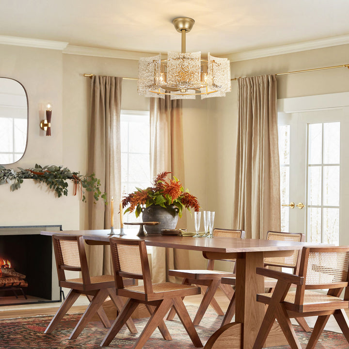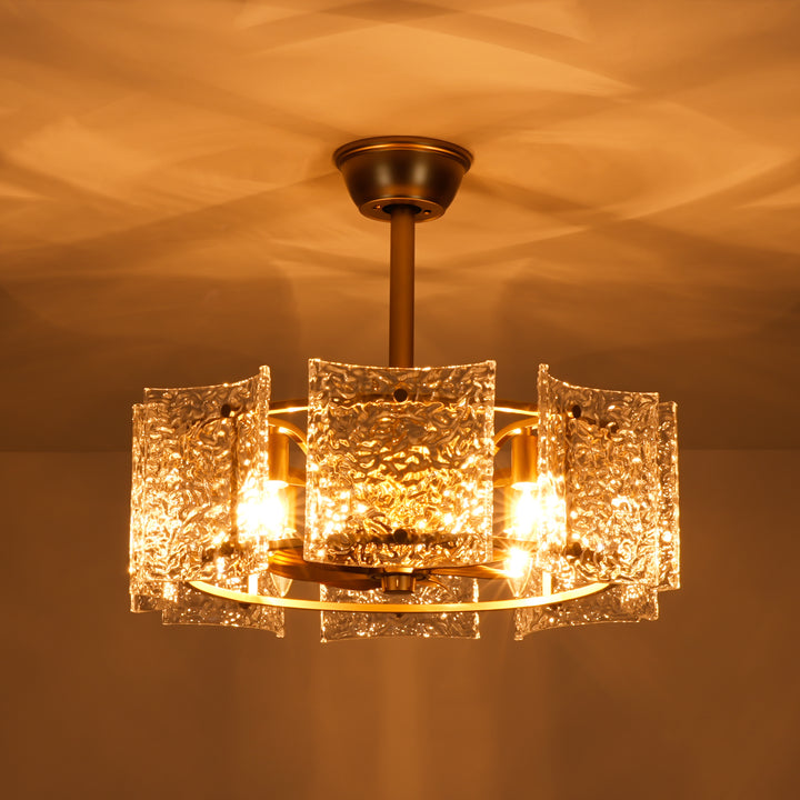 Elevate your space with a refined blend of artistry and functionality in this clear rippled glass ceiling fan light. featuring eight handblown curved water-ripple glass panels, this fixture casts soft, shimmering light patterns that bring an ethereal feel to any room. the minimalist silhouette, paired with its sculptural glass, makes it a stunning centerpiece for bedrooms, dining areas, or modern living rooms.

==

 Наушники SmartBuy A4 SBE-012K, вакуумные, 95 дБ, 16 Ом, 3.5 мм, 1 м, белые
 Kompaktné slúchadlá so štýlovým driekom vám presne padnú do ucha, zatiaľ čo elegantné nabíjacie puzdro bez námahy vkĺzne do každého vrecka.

| What is needed |
Give back, word for word, only the lines above from the line holding "Наушники SmartBuy A4" to the line holding "Kompaktné slúchadlá so", both included.

| Response for this exercise |
 Наушники SmartBuy A4 SBE-012K, вакуумные, 95 дБ, 16 Ом, 3.5 мм, 1 м, белые
 Kompaktné slúchadlá so štýlovým driekom vám presne padnú do ucha, zatiaľ čo elegantné nabíjacie puzdro bez námahy vkĺzne do každého vrecka.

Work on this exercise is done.